• **Source material**
▼▼▼

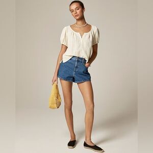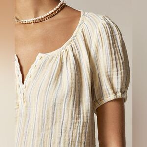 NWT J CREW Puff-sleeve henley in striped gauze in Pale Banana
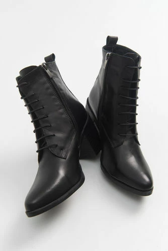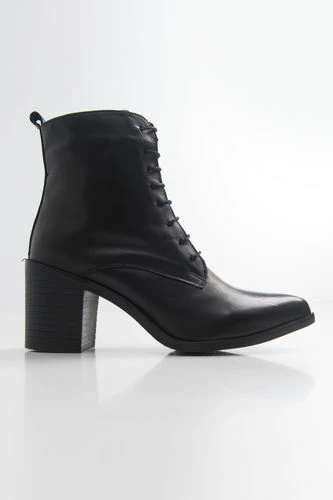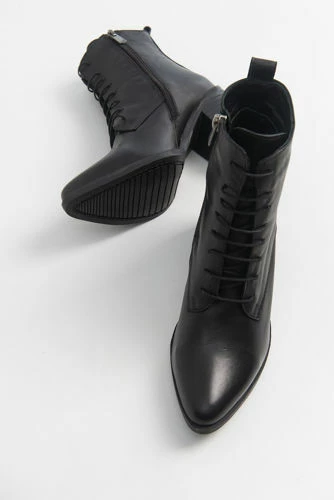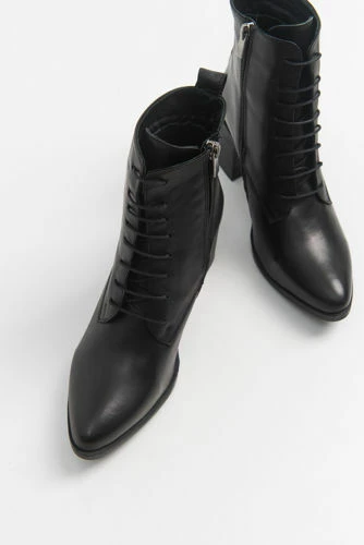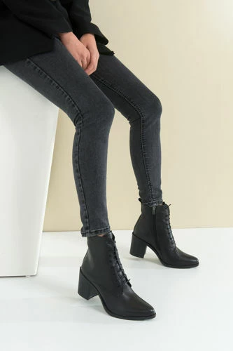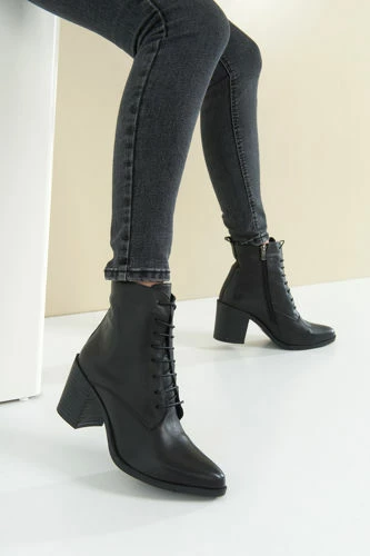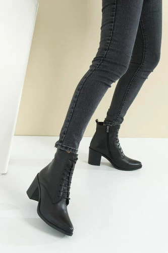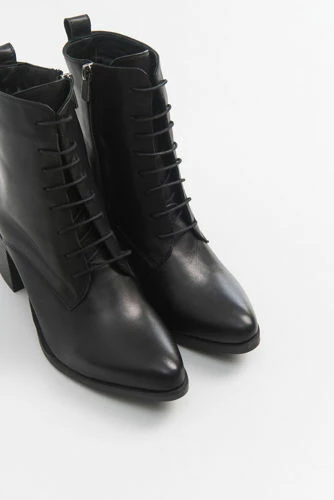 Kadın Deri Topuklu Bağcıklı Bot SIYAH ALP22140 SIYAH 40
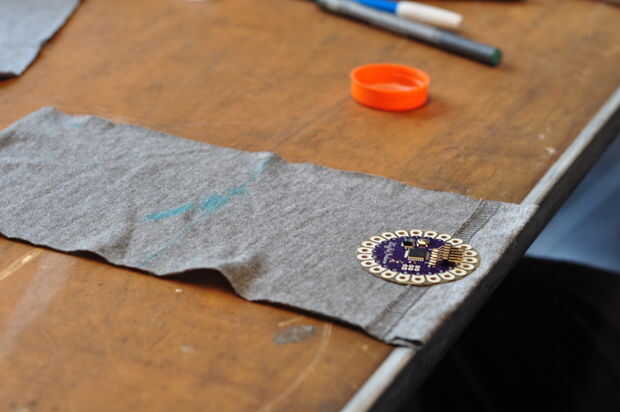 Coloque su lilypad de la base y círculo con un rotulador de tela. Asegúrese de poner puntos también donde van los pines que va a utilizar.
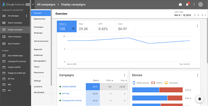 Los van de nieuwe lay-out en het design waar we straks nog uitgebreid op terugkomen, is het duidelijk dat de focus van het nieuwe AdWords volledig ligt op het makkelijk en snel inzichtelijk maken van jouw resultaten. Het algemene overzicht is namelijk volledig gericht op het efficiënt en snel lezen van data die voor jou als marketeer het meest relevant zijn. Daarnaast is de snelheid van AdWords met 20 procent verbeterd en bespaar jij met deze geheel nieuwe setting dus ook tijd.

▲▲▲

• **Action item**
Repeat all of the data above word for word, minus the pictures.

• **Answer to this task**
 NWT J CREW Puff-sleeve henley in striped gauze in Pale Banana
 Kadın Deri Topuklu Bağcıklı Bot SIYAH ALP22140 SIYAH 40
 Coloque su lilypad de la base y círculo con un rotulador de tela. Asegúrese de poner puntos también donde van los pines que va a utilizar.
 Los van de nieuwe lay-out en het design waar we straks nog uitgebreid op terugkomen, is het duidelijk dat de focus van het nieuwe AdWords volledig ligt op het makkelijk en snel inzichtelijk maken van jouw resultaten. Het algemene overzicht is namelijk volledig gericht op het efficiënt en snel lezen van data die voor jou als marketeer het meest relevant zijn. Daarnaast is de snelheid van AdWords met 20 procent verbeterd en bespaar jij met deze geheel nieuwe setting dus ook tijd.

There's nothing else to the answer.